4. Privilege escalation (become)

ansible-playbook site.yml -b                       # become: true on the CLI
ansible-playbook site.yml -b --become-user postgres   # escalate to a specific user
ansible-playbook site.yml -b --become-method su -K    # use su instead of sudo, prompt pass

Builtin become methods are sudo (default), su, and runas (Windows). Others (doas, pbrun, …) live in collections. Prompt for the password with -K/--ask-become-pass.

5. Collections via ansible-galaxy + requirements.yml

# requirements.yml
collections:
  - name: community.general
  - name: ansible.posix
    version: ">=1.5.0"
roles:
  - src: geerlingguy.nginx
ansible-galaxy collection install -r requirements.yml      # install collections + roles…
ansible-galaxy install -r requirements.yml                 # …(role-file form)
ansible-galaxy collection install community.general --upgrade
ansible-galaxy collection list                             # what's installed + where
ansible-galaxy collection init my_namespace.my_collection  # scaffold a new collection
ansible-galaxy role init my_role                           # scaffold a new role

Collections install under COLLECTIONS_PATHS (default ~/.ansible/collections:/usr/share/...).

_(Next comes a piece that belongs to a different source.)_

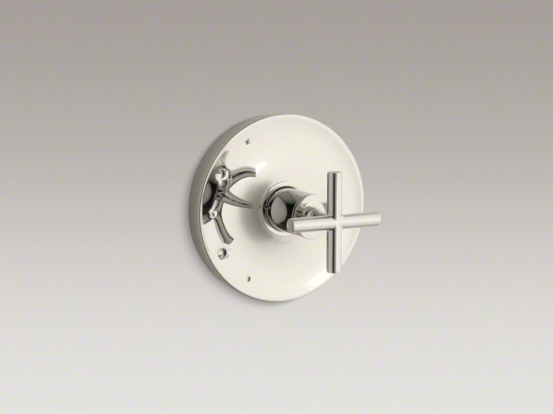 Purist faucets and accessories combine simple, architectural forms with sensual design lines. Featuring this modern, minimalist style, this Purist valve trim brings sophistication to your shower with its bold shape and single cross handle. Pair this trim with a Rite-Temp(R) pressure-balancing valve, which maintains your desired water temperature during pressure fluctuations.

6. Ansible Vault (secrets)

ansible-vault create secrets.yml                  # new encrypted file (opens $EDITOR)
ansible-vault encrypt existing.yml                # encrypt in place
ansible-vault view secrets.yml                    # read without decrypting to disk
ansible-vault edit secrets.yml                    # edit in place
ansible-vault rekey secrets.yml                   # change the password
ansible-vault encrypt_string 's3cr3t' -n db_pass  # inline !vault blob for one variable

# Run a playbook that uses vaulted data
ansible-playbook site.yml --ask-vault-pass                       # -J, prompt interactively
ansible-playbook site.yml --vault-password-file ~/.vault-pass    # password file (or script)
ansible-playbook site.yml --vault-id prod@prompt --vault-id dev@~/.dev-pass   # labeled vaults

Whole files or single inline variables (encrypt_string) can be vaulted and are loaded transparently at runtime. --ask-vault-pass and --vault-password-file are mutually exclusive per invocation. VAULT_ENCRYPT_SALT (ansible-core 2.15+) pins the salt for deterministic output.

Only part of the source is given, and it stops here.